(Records provided begins)

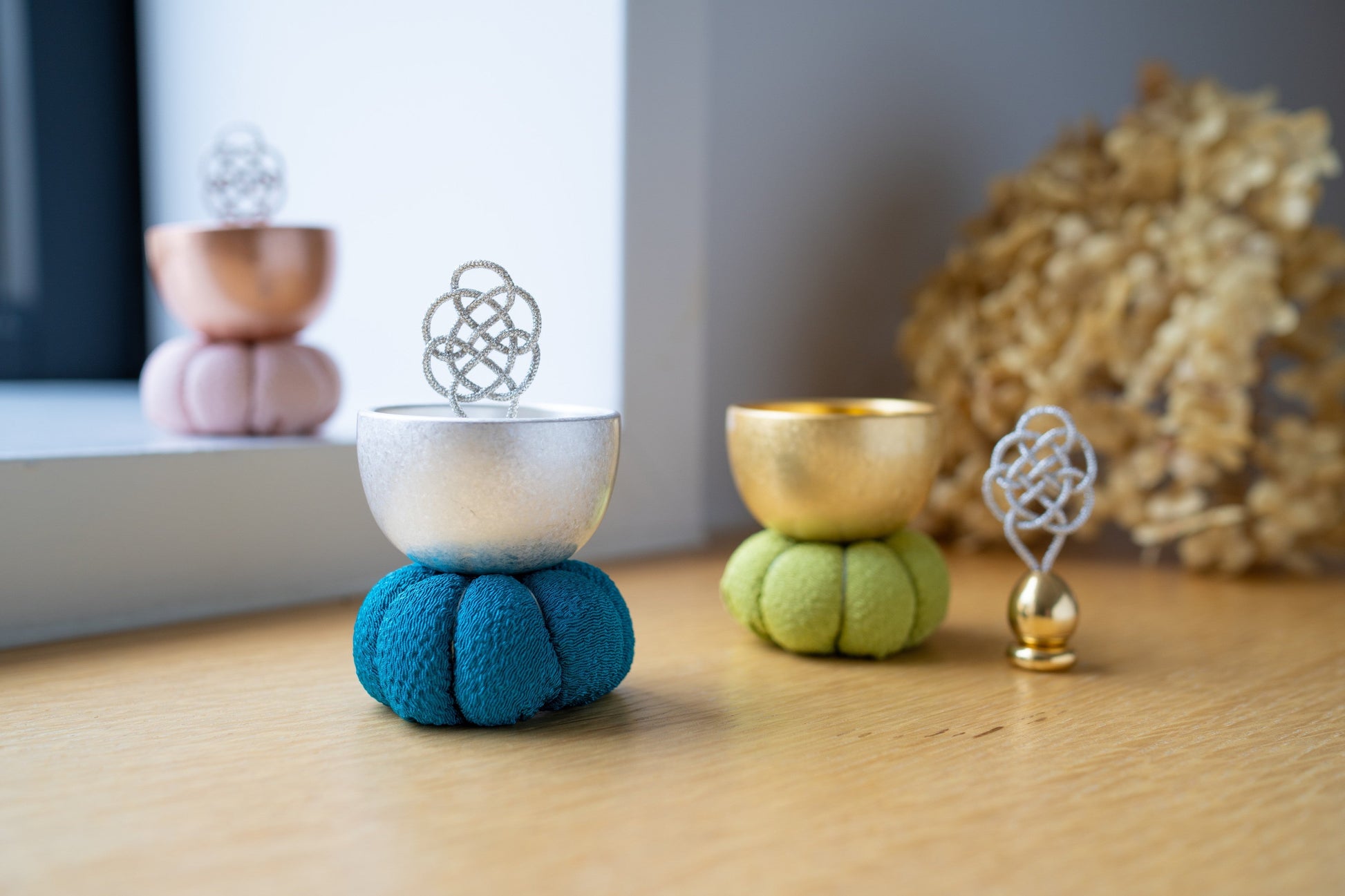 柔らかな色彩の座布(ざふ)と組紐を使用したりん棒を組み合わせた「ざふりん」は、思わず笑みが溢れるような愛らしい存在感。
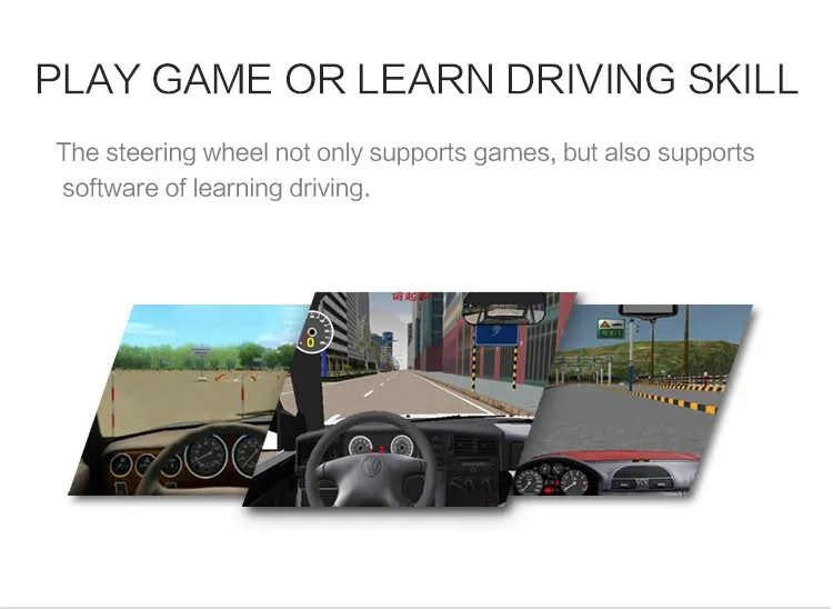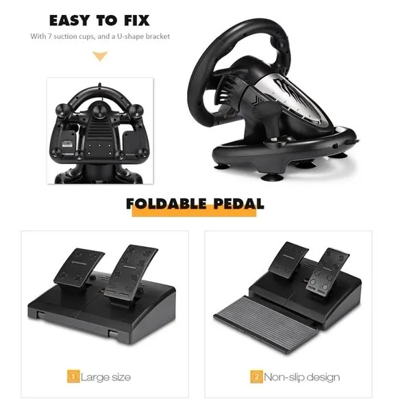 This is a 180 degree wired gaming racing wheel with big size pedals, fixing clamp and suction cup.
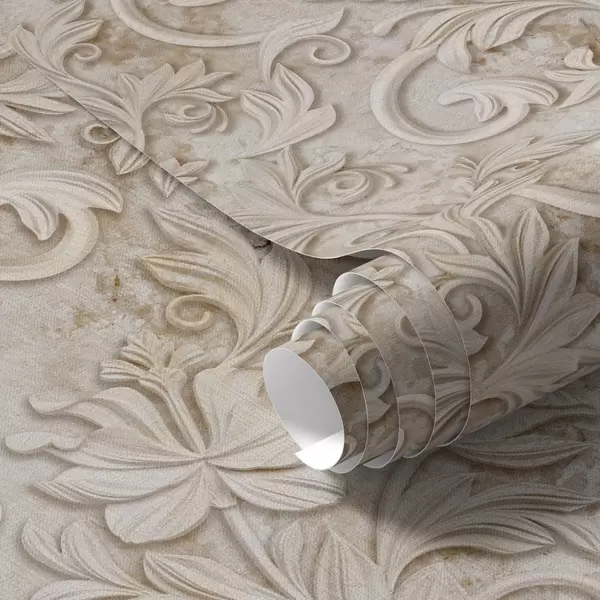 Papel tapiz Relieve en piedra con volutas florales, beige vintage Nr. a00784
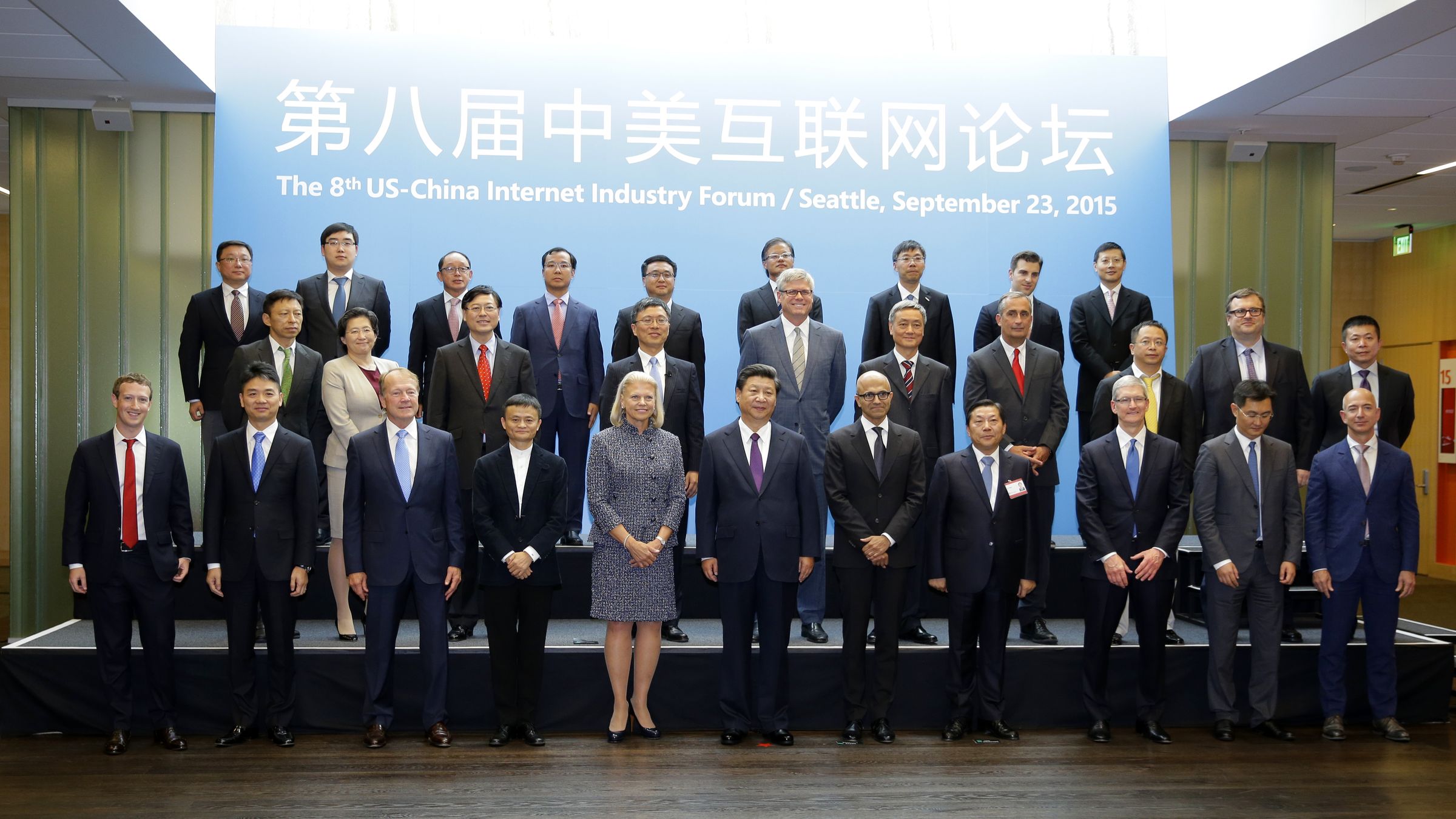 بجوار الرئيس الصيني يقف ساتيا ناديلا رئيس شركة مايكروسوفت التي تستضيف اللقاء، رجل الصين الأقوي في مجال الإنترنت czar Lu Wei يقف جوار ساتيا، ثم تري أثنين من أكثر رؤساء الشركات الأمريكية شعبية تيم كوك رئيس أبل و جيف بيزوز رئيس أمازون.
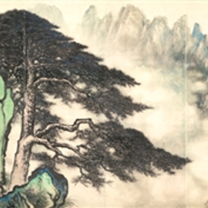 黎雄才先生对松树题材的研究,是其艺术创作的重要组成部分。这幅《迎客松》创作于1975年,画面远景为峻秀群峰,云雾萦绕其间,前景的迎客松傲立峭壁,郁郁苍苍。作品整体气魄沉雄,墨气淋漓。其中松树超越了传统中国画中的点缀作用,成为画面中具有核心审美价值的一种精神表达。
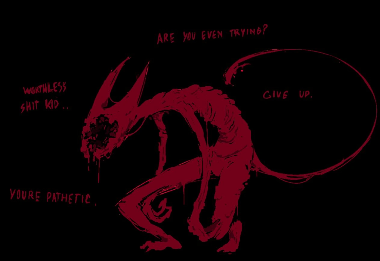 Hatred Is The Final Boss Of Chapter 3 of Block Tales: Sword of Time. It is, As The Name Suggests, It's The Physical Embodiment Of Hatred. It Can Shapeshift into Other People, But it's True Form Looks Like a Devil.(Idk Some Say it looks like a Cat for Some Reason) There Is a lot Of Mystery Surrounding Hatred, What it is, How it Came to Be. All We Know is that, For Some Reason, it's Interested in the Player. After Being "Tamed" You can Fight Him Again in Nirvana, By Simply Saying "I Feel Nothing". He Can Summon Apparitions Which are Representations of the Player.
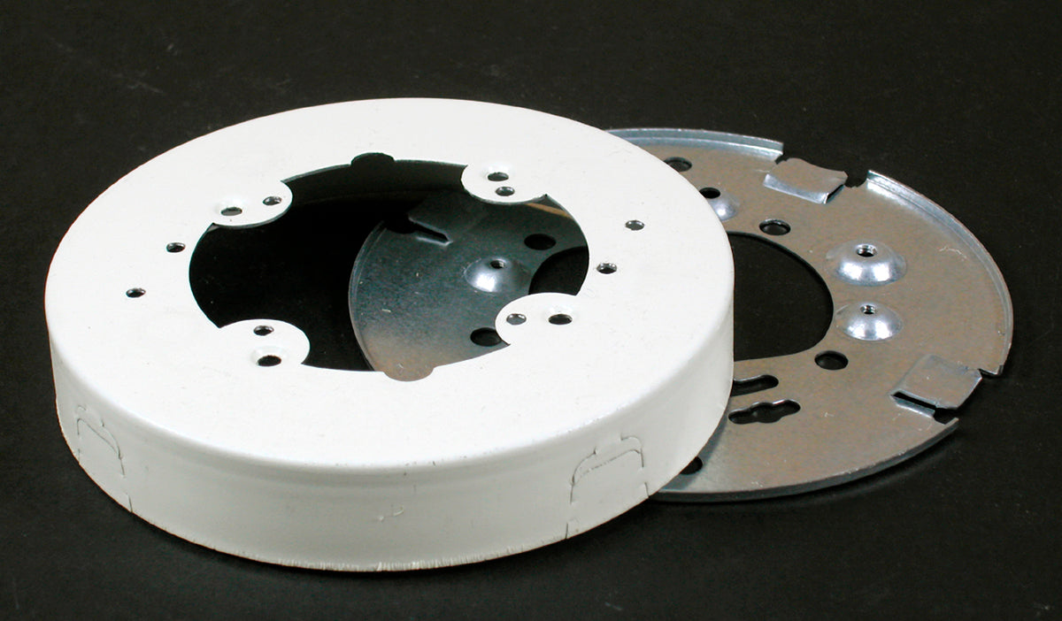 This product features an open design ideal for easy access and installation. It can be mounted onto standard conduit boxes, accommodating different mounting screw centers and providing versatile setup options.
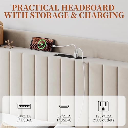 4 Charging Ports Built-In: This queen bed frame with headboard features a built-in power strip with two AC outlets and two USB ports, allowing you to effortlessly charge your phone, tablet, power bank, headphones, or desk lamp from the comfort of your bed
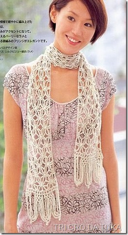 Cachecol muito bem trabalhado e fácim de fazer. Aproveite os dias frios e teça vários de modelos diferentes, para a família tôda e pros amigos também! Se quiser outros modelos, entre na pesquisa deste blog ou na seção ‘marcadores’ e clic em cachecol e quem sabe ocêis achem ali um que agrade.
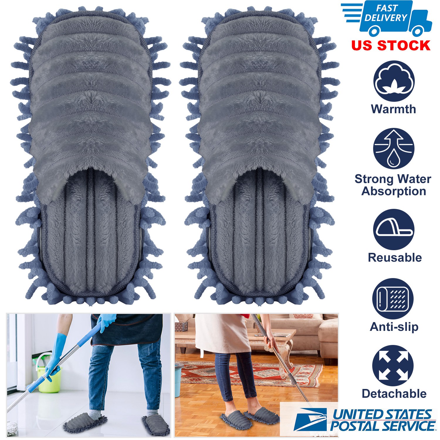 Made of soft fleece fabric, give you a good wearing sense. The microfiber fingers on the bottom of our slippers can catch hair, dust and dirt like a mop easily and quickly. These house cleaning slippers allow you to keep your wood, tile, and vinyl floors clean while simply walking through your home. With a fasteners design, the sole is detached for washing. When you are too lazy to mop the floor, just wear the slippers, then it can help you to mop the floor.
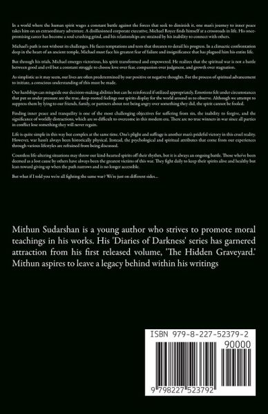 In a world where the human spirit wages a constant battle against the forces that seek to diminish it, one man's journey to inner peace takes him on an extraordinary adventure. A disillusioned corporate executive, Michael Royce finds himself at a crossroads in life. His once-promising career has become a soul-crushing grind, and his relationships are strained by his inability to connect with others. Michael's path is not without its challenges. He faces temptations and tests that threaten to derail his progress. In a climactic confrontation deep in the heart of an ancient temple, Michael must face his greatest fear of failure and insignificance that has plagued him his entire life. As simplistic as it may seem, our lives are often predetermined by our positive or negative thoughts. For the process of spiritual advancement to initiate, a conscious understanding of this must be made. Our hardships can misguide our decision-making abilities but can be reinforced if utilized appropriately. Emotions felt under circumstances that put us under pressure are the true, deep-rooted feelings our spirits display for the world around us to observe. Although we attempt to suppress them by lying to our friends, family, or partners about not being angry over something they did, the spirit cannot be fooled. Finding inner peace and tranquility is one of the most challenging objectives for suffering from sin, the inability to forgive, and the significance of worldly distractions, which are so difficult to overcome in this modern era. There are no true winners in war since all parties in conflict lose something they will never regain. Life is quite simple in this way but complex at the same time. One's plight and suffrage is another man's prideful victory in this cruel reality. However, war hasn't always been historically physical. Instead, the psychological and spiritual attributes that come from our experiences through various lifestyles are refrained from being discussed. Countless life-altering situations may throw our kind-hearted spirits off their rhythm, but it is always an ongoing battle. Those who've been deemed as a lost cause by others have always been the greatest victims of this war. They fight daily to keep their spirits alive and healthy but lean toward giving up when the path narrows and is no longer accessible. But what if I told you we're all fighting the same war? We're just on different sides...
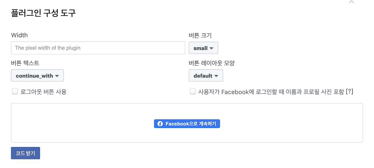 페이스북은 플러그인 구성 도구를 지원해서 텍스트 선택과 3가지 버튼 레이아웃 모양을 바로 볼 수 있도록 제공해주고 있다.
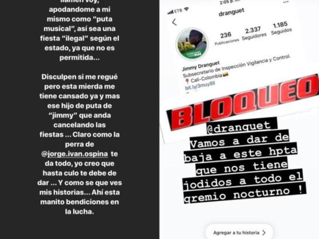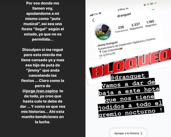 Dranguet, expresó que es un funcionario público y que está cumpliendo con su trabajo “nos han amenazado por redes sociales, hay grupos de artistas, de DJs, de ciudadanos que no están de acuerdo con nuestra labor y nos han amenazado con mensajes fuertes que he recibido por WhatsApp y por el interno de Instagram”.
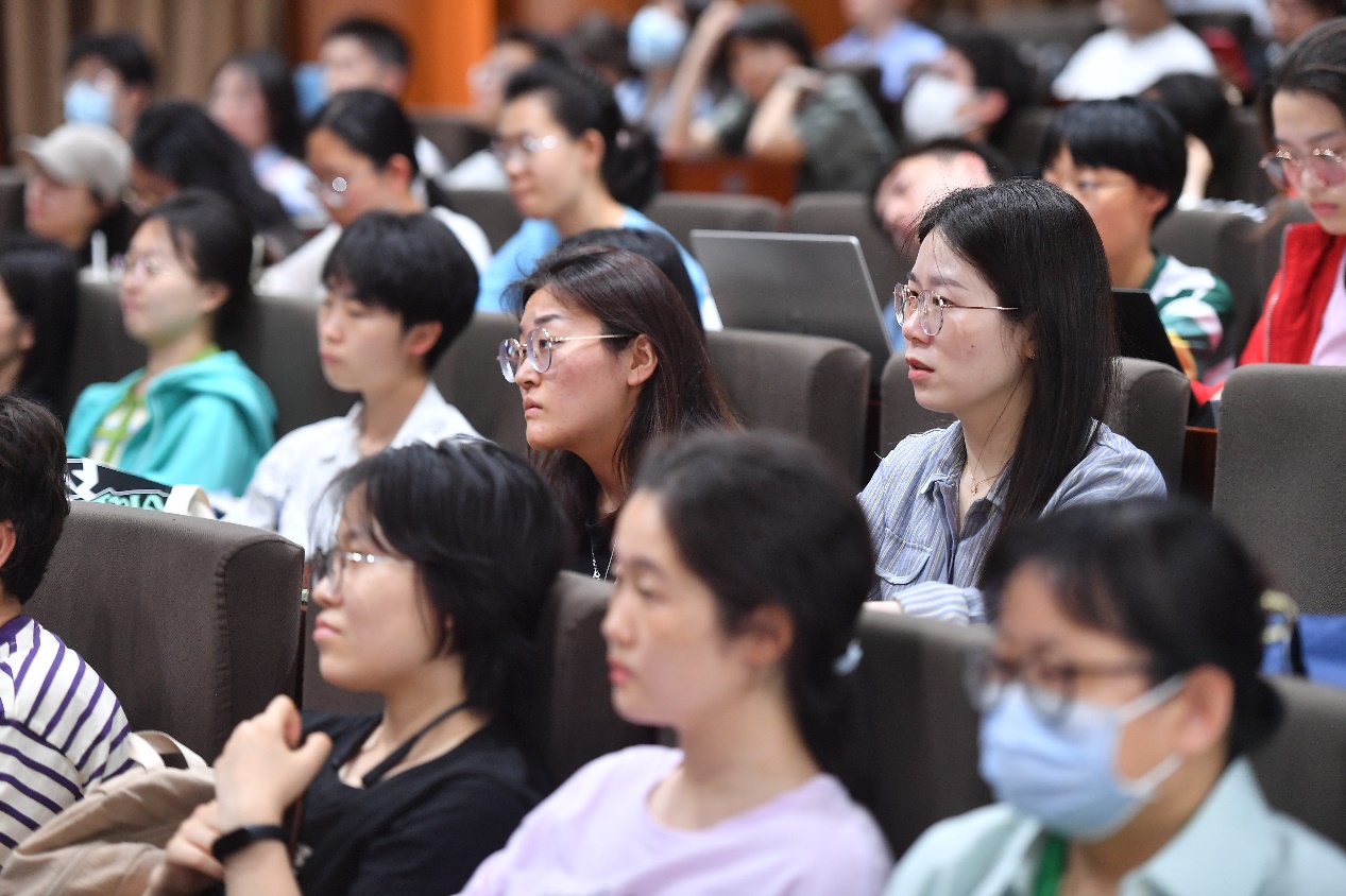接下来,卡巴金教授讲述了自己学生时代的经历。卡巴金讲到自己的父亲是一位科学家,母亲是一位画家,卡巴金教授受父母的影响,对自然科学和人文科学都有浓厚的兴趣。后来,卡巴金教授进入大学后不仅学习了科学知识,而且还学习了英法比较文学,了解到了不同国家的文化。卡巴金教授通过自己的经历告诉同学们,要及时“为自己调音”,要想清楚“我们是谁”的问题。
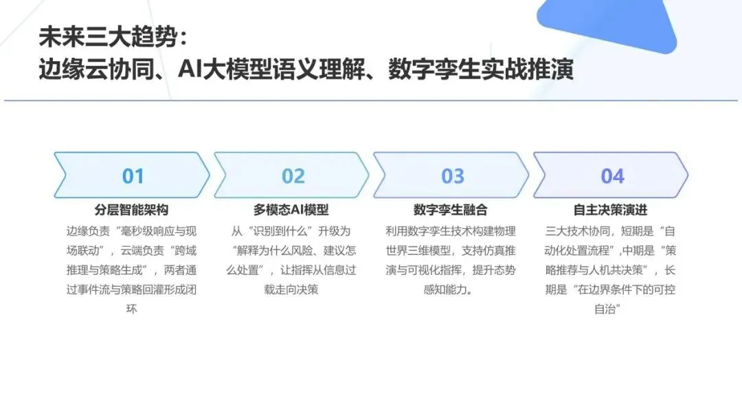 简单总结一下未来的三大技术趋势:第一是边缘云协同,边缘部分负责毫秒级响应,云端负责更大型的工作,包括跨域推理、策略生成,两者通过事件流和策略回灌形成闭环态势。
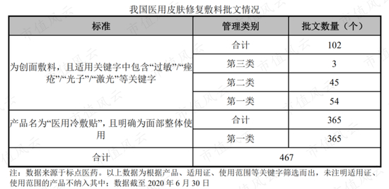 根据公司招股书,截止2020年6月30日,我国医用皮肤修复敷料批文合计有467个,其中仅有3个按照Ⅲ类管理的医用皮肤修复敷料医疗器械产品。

(Records provided ends)

Please output every record above exactly as written, leaving out the pictures.

Reply to the task>
 柔らかな色彩の座布(ざふ)と組紐を使用したりん棒を組み合わせた「ざふりん」は、思わず笑みが溢れるような愛らしい存在感。
 This is a 180 degree wired gaming racing wheel with big size pedals, fixing clamp and suction cup.
 Papel tapiz Relieve en piedra con volutas florales, beige vintage Nr. a00784
 بجوار الرئيس الصيني يقف ساتيا ناديلا رئيس شركة مايكروسوفت التي تستضيف اللقاء، رجل الصين الأقوي في مجال الإنترنت czar Lu Wei يقف جوار ساتيا، ثم تري أثنين من أكثر رؤساء الشركات الأمريكية شعبية تيم كوك رئيس أبل و جيف بيزوز رئيس أمازون.
 黎雄才先生对松树题材的研究,是其艺术创作的重要组成部分。这幅《迎客松》创作于1975年,画面远景为峻秀群峰,云雾萦绕其间,前景的迎客松傲立峭壁,郁郁苍苍。作品整体气魄沉雄,墨气淋漓。其中松树超越了传统中国画中的点缀作用,成为画面中具有核心审美价值的一种精神表达。
 Hatred Is The Final Boss Of Chapter 3 of Block Tales: Sword of Time. It is, As The Name Suggests, It's The Physical Embodiment Of Hatred. It Can Shapeshift into Other People, But it's True Form Looks Like a Devil.(Idk Some Say it looks like a Cat for Some Reason) There Is a lot Of Mystery Surrounding Hatred, What it is, How it Came to Be. All We Know is that, For Some Reason, it's Interested in the Player. After Being "Tamed" You can Fight Him Again in Nirvana, By Simply Saying "I Feel Nothing". He Can Summon Apparitions Which are Representations of the Player.
 This product features an open design ideal for easy access and installation. It can be mounted onto standard conduit boxes, accommodating different mounting screw centers and providing versatile setup options.
 4 Charging Ports Built-In: This queen bed frame with headboard features a built-in power strip with two AC outlets and two USB ports, allowing you to effortlessly charge your phone, tablet, power bank, headphones, or desk lamp from the comfort of your bed
 Cachecol muito bem trabalhado e fácim de fazer. Aproveite os dias frios e teça vários de modelos diferentes, para a família tôda e pros amigos também! Se quiser outros modelos, entre na pesquisa deste blog ou na seção ‘marcadores’ e clic em cachecol e quem sabe ocêis achem ali um que agrade.
 Made of soft fleece fabric, give you a good wearing sense. The microfiber fingers on the bottom of our slippers can catch hair, dust and dirt like a mop easily and quickly. These house cleaning slippers allow you to keep your wood, tile, and vinyl floors clean while simply walking through your home. With a fasteners design, the sole is detached for washing. When you are too lazy to mop the floor, just wear the slippers, then it can help you to mop the floor.
 In a world where the human spirit wages a constant battle against the forces that seek to diminish it, one man's journey to inner peace takes him on an extraordinary adventure. A disillusioned corporate executive, Michael Royce finds himself at a crossroads in life. His once-promising career has become a soul-crushing grind, and his relationships are strained by his inability to connect with others. Michael's path is not without its challenges. He faces temptations and tests that threaten to derail his progress. In a climactic confrontation deep in the heart of an ancient temple, Michael must face his greatest fear of failure and insignificance that has plagued him his entire life. As simplistic as it may seem, our lives are often predetermined by our positive or negative thoughts. For the process of spiritual advancement to initiate, a conscious understanding of this must be made. Our hardships can misguide our decision-making abilities but can be reinforced if utilized appropriately. Emotions felt under circumstances that put us under pressure are the true, deep-rooted feelings our spirits display for the world around us to observe. Although we attempt to suppress them by lying to our friends, family, or partners about not being angry over something they did, the spirit cannot be fooled. Finding inner peace and tranquility is one of the most challenging objectives for suffering from sin, the inability to forgive, and the significance of worldly distractions, which are so difficult to overcome in this modern era. There are no true winners in war since all parties in conflict lose something they will never regain. Life is quite simple in this way but complex at the same time. One's plight and suffrage is another man's prideful victory in this cruel reality. However, war hasn't always been historically physical. Instead, the psychological and spiritual attributes that come from our experiences through various lifestyles are refrained from being discussed. Countless life-altering situations may throw our kind-hearted spirits off their rhythm, but it is always an ongoing battle. Those who've been deemed as a lost cause by others have always been the greatest victims of this war. They fight daily to keep their spirits alive and healthy but lean toward giving up when the path narrows and is no longer accessible. But what if I told you we're all fighting the same war? We're just on different sides...
 페이스북은 플러그인 구성 도구를 지원해서 텍스트 선택과 3가지 버튼 레이아웃 모양을 바로 볼 수 있도록 제공해주고 있다.
 Dranguet, expresó que es un funcionario público y que está cumpliendo con su trabajo “nos han amenazado por redes sociales, hay grupos de artistas, de DJs, de ciudadanos que no están de acuerdo con nuestra labor y nos han amenazado con mensajes fuertes que he recibido por WhatsApp y por el interno de Instagram”.
接下来,卡巴金教授讲述了自己学生时代的经历。卡巴金讲到自己的父亲是一位科学家,母亲是一位画家,卡巴金教授受父母的影响,对自然科学和人文科学都有浓厚的兴趣。后来,卡巴金教授进入大学后不仅学习了科学知识,而且还学习了英法比较文学,了解到了不同国家的文化。卡巴金教授通过自己的经历告诉同学们,要及时“为自己调音”,要想清楚“我们是谁”的问题。
 简单总结一下未来的三大技术趋势:第一是边缘云协同,边缘部分负责毫秒级响应,云端负责更大型的工作,包括跨域推理、策略生成,两者通过事件流和策略回灌形成闭环态势。
 根据公司招股书,截止2020年6月30日,我国医用皮肤修复敷料批文合计有467个,其中仅有3个按照Ⅲ类管理的医用皮肤修复敷料医疗器械产品。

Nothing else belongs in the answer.